Provided records -
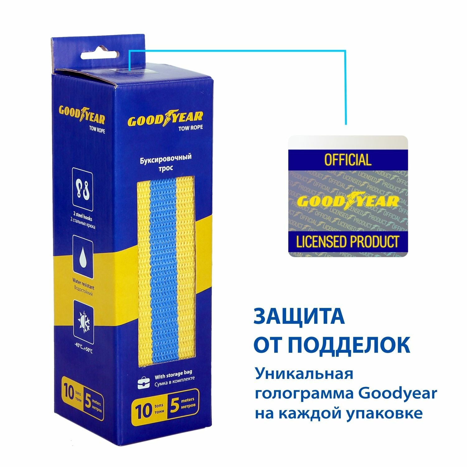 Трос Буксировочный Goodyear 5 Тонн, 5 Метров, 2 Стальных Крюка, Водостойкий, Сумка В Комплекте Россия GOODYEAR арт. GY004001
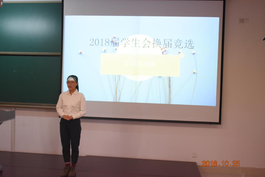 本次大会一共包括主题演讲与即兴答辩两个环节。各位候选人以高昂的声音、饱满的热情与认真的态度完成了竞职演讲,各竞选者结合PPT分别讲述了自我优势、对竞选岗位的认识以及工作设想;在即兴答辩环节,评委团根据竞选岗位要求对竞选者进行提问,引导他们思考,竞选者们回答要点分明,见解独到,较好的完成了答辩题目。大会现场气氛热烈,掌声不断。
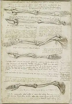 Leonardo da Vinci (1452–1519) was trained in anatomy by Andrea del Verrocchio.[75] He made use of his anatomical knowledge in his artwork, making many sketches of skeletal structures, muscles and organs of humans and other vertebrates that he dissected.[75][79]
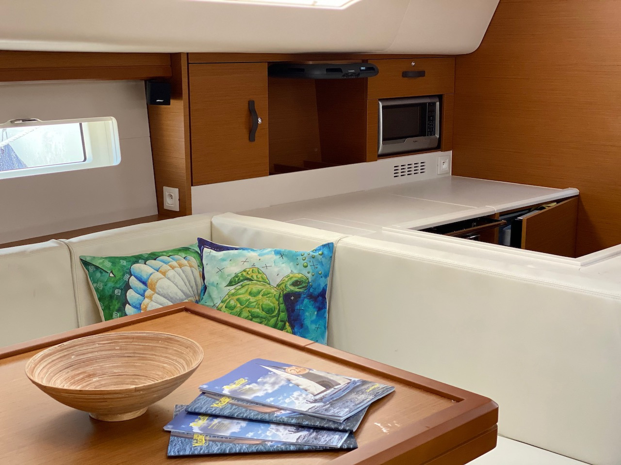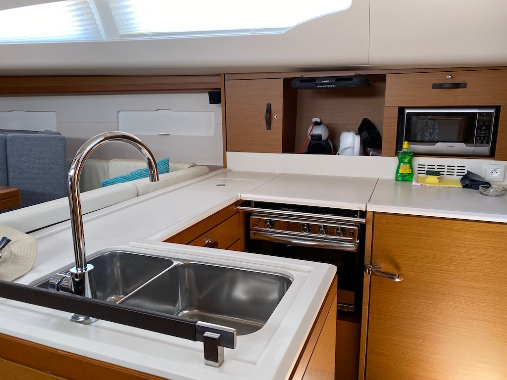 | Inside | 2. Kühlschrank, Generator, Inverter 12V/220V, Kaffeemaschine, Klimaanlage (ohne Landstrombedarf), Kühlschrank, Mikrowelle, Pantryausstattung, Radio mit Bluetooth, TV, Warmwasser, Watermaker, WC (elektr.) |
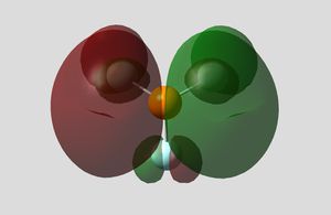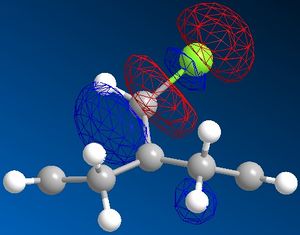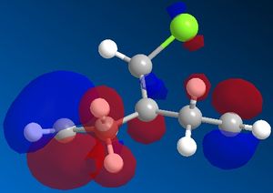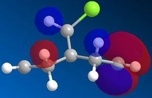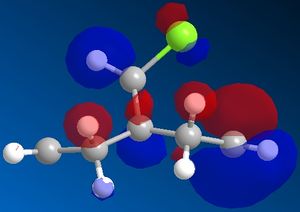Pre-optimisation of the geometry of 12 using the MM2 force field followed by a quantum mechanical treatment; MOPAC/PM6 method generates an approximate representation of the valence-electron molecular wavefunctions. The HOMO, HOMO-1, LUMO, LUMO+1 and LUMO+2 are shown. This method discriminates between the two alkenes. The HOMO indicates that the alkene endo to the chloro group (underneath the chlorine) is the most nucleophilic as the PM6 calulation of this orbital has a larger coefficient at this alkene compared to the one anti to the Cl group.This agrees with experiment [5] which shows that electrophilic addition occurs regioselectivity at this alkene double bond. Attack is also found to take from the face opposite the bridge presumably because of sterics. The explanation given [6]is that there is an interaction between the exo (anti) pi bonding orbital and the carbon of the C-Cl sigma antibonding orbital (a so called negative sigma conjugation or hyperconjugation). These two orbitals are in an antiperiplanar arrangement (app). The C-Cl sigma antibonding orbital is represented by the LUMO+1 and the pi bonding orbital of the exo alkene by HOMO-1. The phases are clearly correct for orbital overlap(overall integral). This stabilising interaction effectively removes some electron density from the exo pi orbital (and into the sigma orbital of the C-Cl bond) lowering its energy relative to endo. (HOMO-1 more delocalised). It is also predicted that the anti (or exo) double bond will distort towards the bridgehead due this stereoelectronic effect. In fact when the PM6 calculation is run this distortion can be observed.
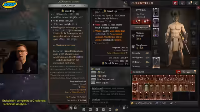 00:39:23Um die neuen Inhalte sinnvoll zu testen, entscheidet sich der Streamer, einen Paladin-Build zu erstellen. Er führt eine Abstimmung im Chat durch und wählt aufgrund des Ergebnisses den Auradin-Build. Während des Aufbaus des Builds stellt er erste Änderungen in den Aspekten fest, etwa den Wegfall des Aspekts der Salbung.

...

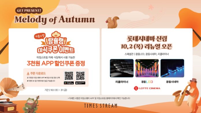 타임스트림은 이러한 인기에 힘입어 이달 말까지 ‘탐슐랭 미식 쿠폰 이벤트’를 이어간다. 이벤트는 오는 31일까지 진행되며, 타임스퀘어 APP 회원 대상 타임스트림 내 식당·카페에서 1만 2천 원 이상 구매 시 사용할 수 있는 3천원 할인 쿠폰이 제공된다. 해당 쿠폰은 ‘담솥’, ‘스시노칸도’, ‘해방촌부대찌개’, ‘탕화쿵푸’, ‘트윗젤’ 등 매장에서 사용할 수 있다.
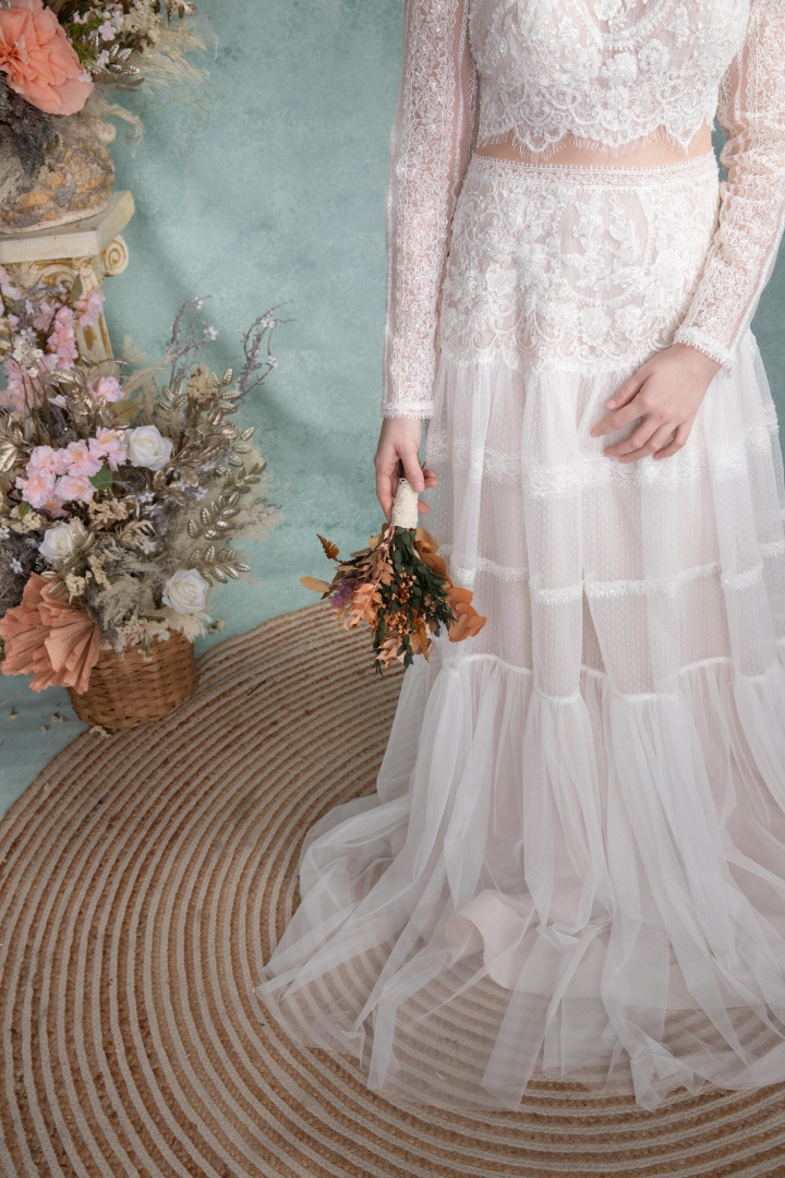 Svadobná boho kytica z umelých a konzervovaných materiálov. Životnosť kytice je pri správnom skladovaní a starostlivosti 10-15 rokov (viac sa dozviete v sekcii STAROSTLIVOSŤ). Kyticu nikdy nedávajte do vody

What this task involves -
Extract, without any images, the part of the material above that opens with the line containing "타임스트림은 이러한 인기에" and closes with the line containing "Svadobná boho kytica", both lines included.

Your response -
 타임스트림은 이러한 인기에 힘입어 이달 말까지 ‘탐슐랭 미식 쿠폰 이벤트’를 이어간다. 이벤트는 오는 31일까지 진행되며, 타임스퀘어 APP 회원 대상 타임스트림 내 식당·카페에서 1만 2천 원 이상 구매 시 사용할 수 있는 3천원 할인 쿠폰이 제공된다. 해당 쿠폰은 ‘담솥’, ‘스시노칸도’, ‘해방촌부대찌개’, ‘탕화쿵푸’, ‘트윗젤’ 등 매장에서 사용할 수 있다.
 Svadobná boho kytica z umelých a konzervovaných materiálov. Životnosť kytice je pri správnom skladovaní a starostlivosti 10-15 rokov (viac sa dozviete v sekcii STAROSTLIVOSŤ). Kyticu nikdy nedávajte do vody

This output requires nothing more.